A small library in golang, that detects the language of a text.

Notifications You must be signed in to change notification settings

dutchcoders/go-lang-detector

 
 

Folders and files

NameName
Last commit message
Last commit date

Latest commit

 

History

41 Commits
 
 
 
 
 
 
 
 
 
 
 
 

Repository files navigation

wercker status Coverage Status

Language Detector

This golang library provides functionality to analyze and recognize language based on text.

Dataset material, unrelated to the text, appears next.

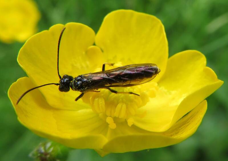 Nederlandse naam: GraanhalmwespWetenschappelijke naam: Cephus pygmaeusEngelse naam: European wheat stem sawflyGefotografeerd: Delftse Hout 21-05-2018
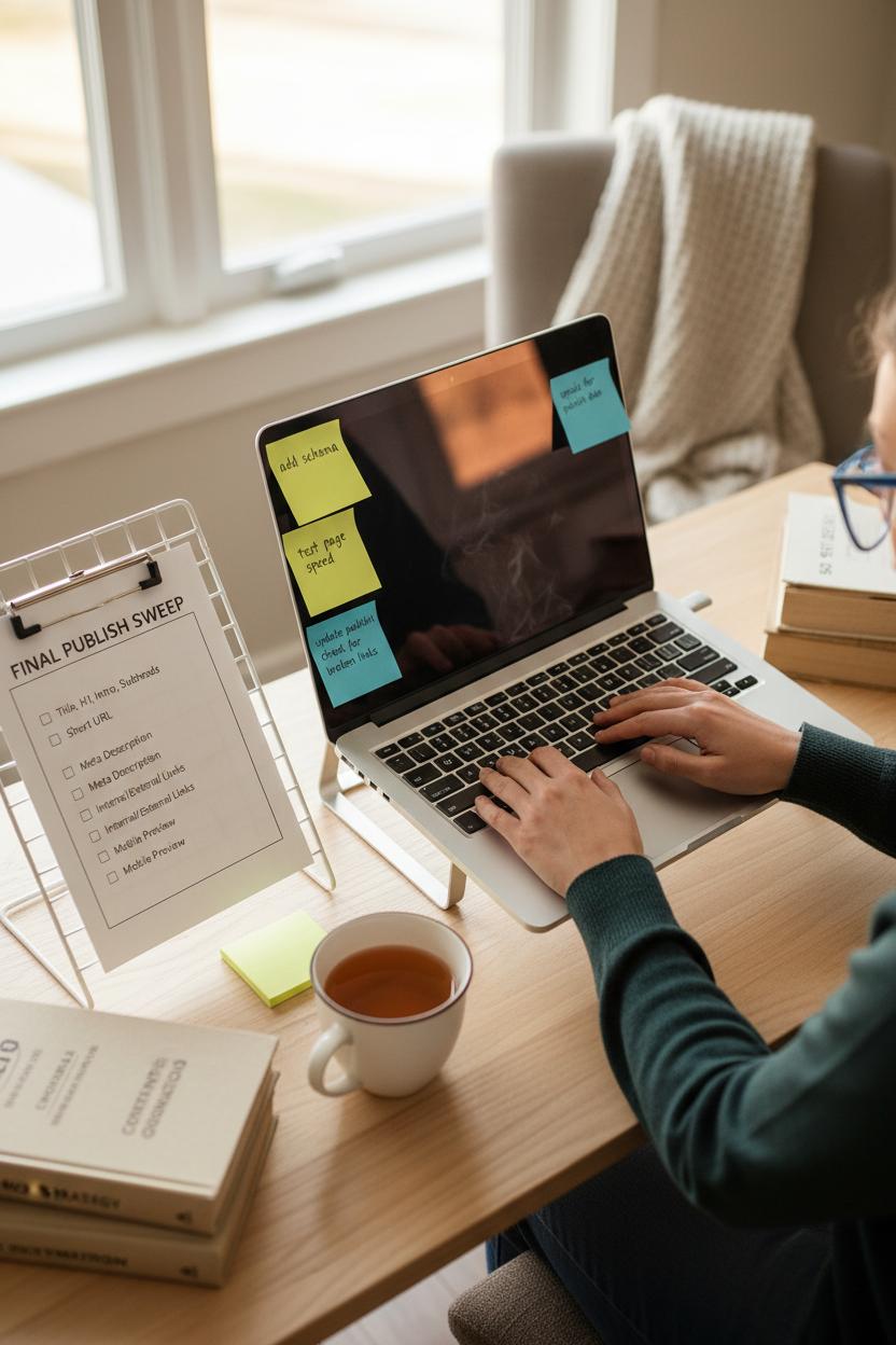 Now set the scene for consistency: keep this seo checklist printed and clipped to your desk organizer so you actually use it. I love doing the final read with my laptop stand at eye level and blue light glasses on, like a mini ritual that signals “publishing mode.” If you’re a sticky-note person, jot quick seo tips: “add schema,” “test page speed,” “update publish date,” “check for broken links,” “verify canonical.” Slip in a reminder to add a fresh featured image, craft Pinterest-friendly alt text, and sprinkle a sentence that boosts E‑E‑A‑T—your expertise, a small personal example, or a cited stat from those dog‑eared seo books on your shelf. When everything feels polished, run a last-pass grammar check, confirm accessibility basics (contrast, descriptive links, captions), and schedule a social blurb with UTM tags so you can track what actually drives clicks. That’s on page seo without the overwhelm: warm, intentional, and repeatable—ready to pin, print, and reuse for every post you publish.

The implementation is based on the following paper:
N-Gram-Based Text Categorization
William B. Cavnar and John M. Trenkle
Environmental Research Institute of Michigan P.O. Box 134001
Ann Arbor MI 48113-4001

Language profile

A language profile is a map[string] intthat maps n-gram tokens to its occurrency-rank. So for the most frequent token 'X' of the analyzed text, map['X'] will be 1.

Usage

Detect

Get the closest language:

The default detector supports the following languages: Arabic, English, French, German, Hebrew, Russian, Turkish

    detector := langdet.NewDefaultDetector()
	testString := "do not care about quantity"
	result := detector.GetClosestLanguage(testString)
	fmt.Println(result)

output:
    english

by setting the value langdet.MinimumConfidence (0-1), you can set the accepted confidence level. E.g. 0.7 --> if langdet is 70% or higher sure that the language matches, return it, else it returns 'undefined'

Get Language Probabilities

GetClosestLanguage will return the language that most probably matches. To get the result of all analyzed language, you can use GetLanguage, which will return you all analyzed languages and their percentage of matching the input snippet

testString := "ont permis d'identifier"
GetLanguages returns:
    french 86 %
    english 79 %
    german 71 %
    turkish 54 %
    hebrew 39 %
    arabic 8 %
    russian 5 %


Use default languages

In order to use default languages, the file default_languages.json must be placed in the same directory as the binary. Alternatively it can be anywhere on the filesystem and initialized by calling InitWithDefault with the filepath.

Analyze new language

For analysing a new language random Wikipedia articles in the target languages are ideal. The result will be a Language object, containing the specified name and the profile example:

    language := langdet.Analyze(text_sample, "french")
    language.Profile // language profile in form of map[string]int as defined above
    language.Name // the name that was given as parameter

Add more languages

New languages can directly be analyzed and added to a detector by providing a text sample:

    text_sample := GetTextFromFile("samples/polish.txt")
    detector.AddLanguageFrom(text_sample, "polish")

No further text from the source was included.